The narrator is attempting to ad lib and it isn’t working.
Adding lib can be fun!
Prophet's Beard: Breaker one nine, breaker one nine, this here’s the Prophet's Beard. Anybody got their ears on this fine mornin’?Regards,Blast Radius: Ten four, Prophet's Beard. Blast Radius ridin’ shotgun with ya. Road is as pure and clean as 76 virgins up here past mile marker 82.
Prophet's Beard: Copy that, Blast Radius. I’m haulin’ a load of prayer rugs that’s stacked higher than a pile of camel dung. Hopin’ the wind don’t get any funny ideas.
Xmas Market Dozer: Well now, Prophet's Beard, if those rugs start a-flyin’, I’ll just scoop one up and ride it all the way to Mecca!
Blast Radius: Dozer, you been drivin’ all night since the Arab Spring!
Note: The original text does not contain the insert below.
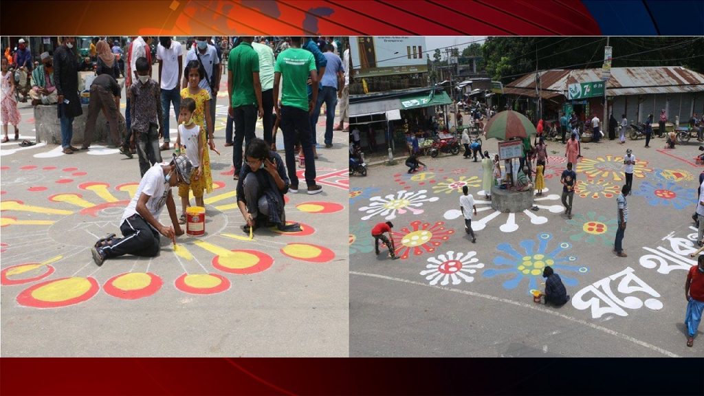 পাবনার চাটমোহরে ফেসবুক পেজ ‘চেতনায় চাটমোহর’র উদ্যোগে করোনা সচেতনতায় ব্যতিক্রমী সড়ক চিত্রাঙ্কন কর্মসূচি পালন শুরু হয়েছে।
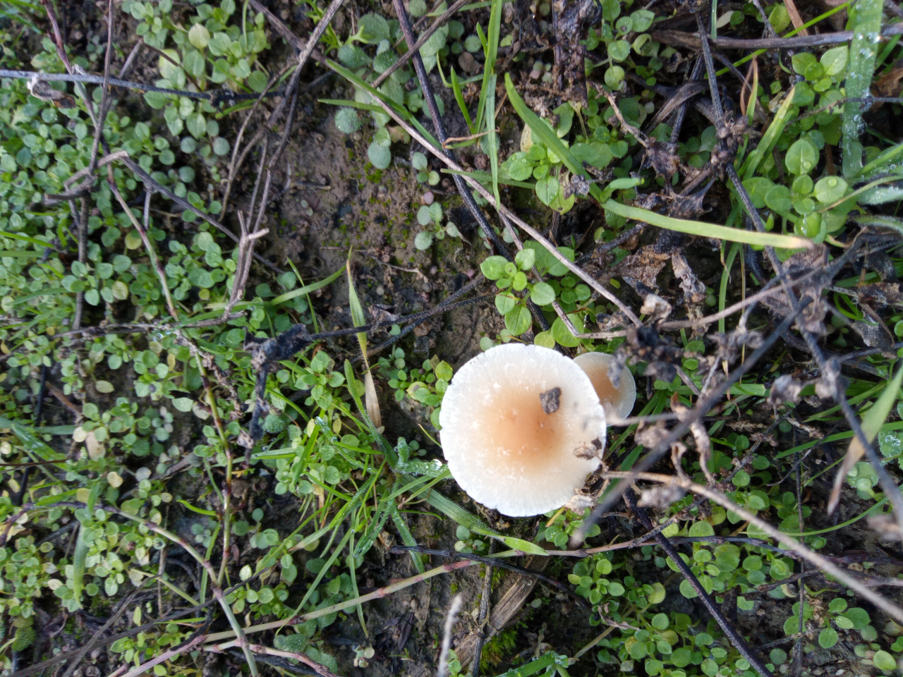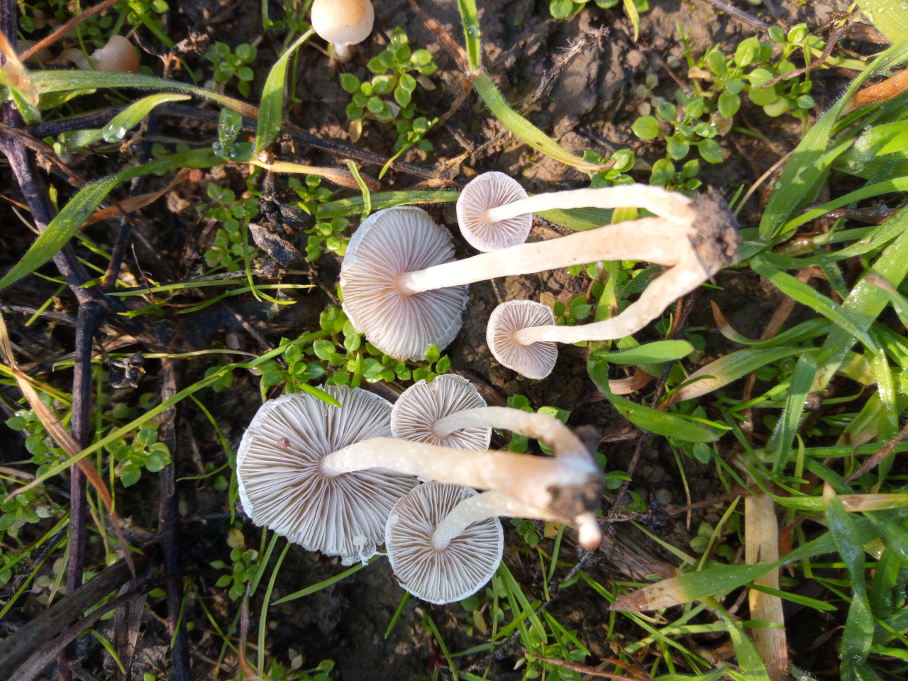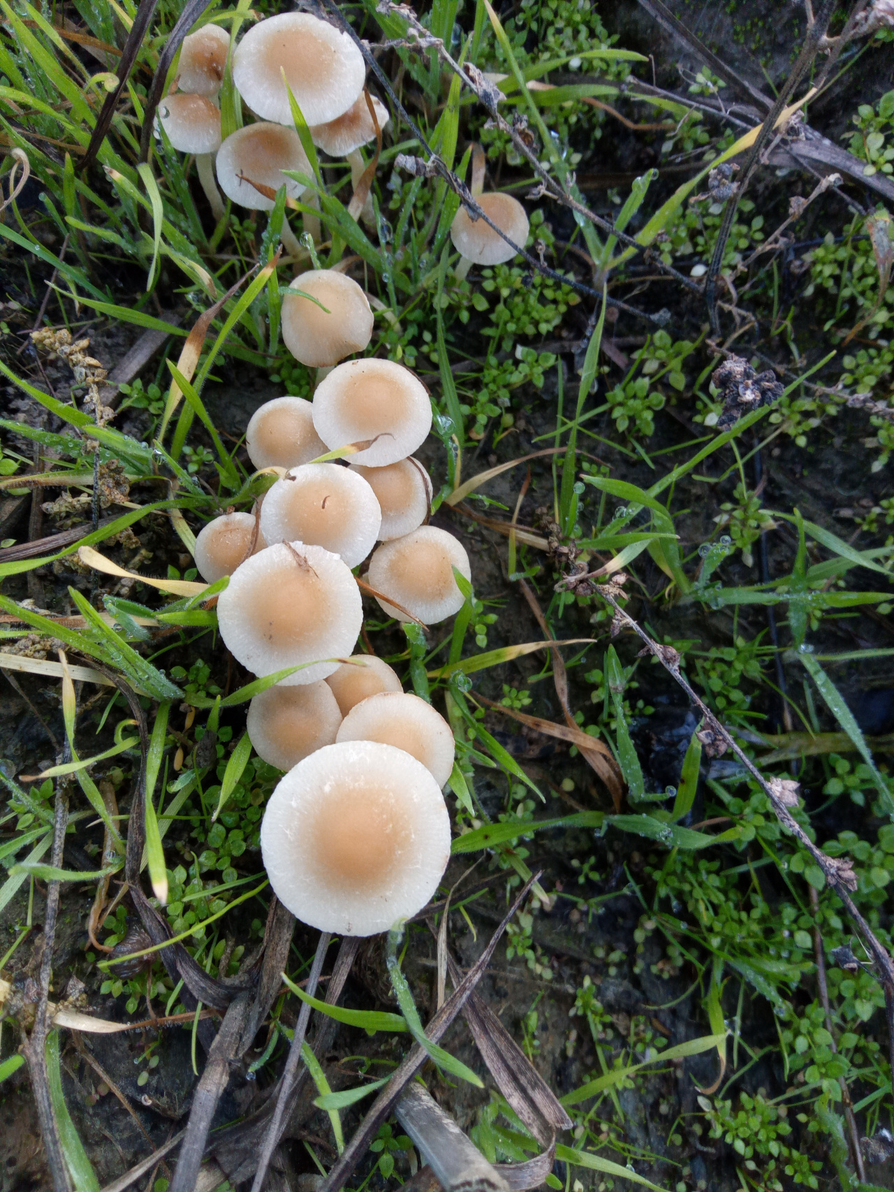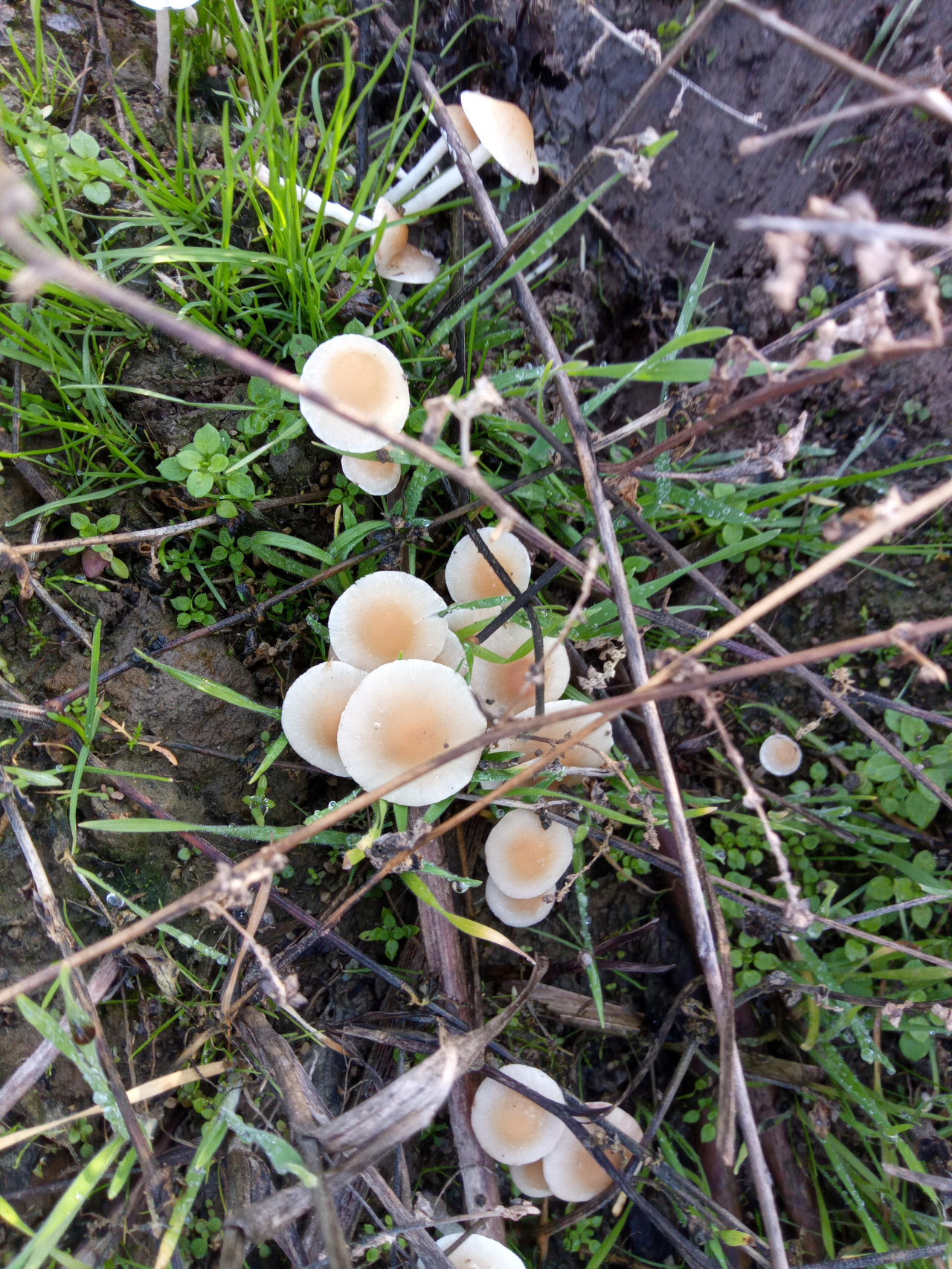 Описание гриба: Грибы мелкие росли в заброшенном,заросшем травой рыболовном ставке.Найдены 12.12.2024г. Подсказали что это весенний опёнок(колибия дуболюбивая,лесолюбивая),но есть сомнения.Будте добры подскажите что ето.

One of these days you’re gonna forget to stop.
Xmas Market Dozer: Ain’t stoppin’ till they build a truck stop with a built-in mosque!
Prophet's Beard: Keep dreamin’, Dozer.
Suicide Bomber: Breaker one nine, y’all quit complainin’. I just passed that same truck stop — coffee’s hot, the falafel is fresh, and the jukebox still thinks it’s 9-11.
Prophet's Beard: Ten four, Suicide. Save us a booth. We’ll be there in two shakes and a downshift.